Pennsylvania permits varying degrees of physical custody: Supervised custody, partial custody, shared custody, primary custody, and sole custody. Legal custody, however, defined as “the right to make major decisions on behalf of the child, including, but not limited to, medical, religious, and educational decisions,” may only be shared or sole. Shared legal custody requires the parents to cooperate to make these decisions for their children, effectively giving each parent a veto over the wishes of the other parent. The lengths to which sole legal custody extend was explored by the Pennsylvania Superior Court in 2012 in a case called M.P. v. M.P.
In M.P., the child’s mother was granted sole legal custody and desired to take her child to Ecuador to visit family. The child’s father objected and sought court intervention. The court initially granted the father’s request that mother not be permitted to take the child to Ecuador.

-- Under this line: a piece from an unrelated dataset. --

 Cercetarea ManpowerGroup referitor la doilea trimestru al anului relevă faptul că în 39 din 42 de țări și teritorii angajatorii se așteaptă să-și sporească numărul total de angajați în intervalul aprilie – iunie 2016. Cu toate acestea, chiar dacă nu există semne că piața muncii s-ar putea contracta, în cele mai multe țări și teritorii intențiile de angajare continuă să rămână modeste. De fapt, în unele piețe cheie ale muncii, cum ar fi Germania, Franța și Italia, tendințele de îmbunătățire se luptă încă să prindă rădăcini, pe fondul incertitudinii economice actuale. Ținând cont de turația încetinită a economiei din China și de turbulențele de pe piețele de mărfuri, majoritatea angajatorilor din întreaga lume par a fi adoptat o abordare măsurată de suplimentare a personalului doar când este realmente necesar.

Upon an appeal from the child’s mother, the Superior Court said that, by permitting father to veto mother’s plans to travel with the parties’ child to Ecuador, the trial court had effectively implemented shared legal custody, which was contrary to the prior award of custody. The Superior Court further indicated that changing legal custody from sole legal custody to shared legal custody would require father to file a petition to modify the custody arrangement, which was not done in this case. The Superior Court, therefore, permitted mother to travel to Ecuador with the parties’ child, over father’s objections.

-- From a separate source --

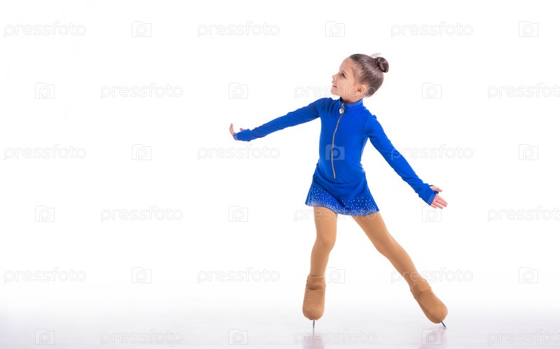Маленький юный фигурист позирует в синем тренировочном платье на льду на белом фоне

In a similar but opposite case, Hill v. Hill, the Superior Court had previously reviewed a custody order that appeared to grant shared legal custody to the parties, but “in the event of a disagreement, mother’s preference shall prevail.” The Superior Court said there that this was an award of shared custody in name only, as to give mother the final say was to effectively create sole legal custody.
These cases make clear that an award of sole legal custody in Pennsylvania give to the sole legal custodian an absolute right to make these decisions for the child, without consideration of the other parent’s wishes. The other parent’s only recourse is to seek a modification of the legal custody arrangement.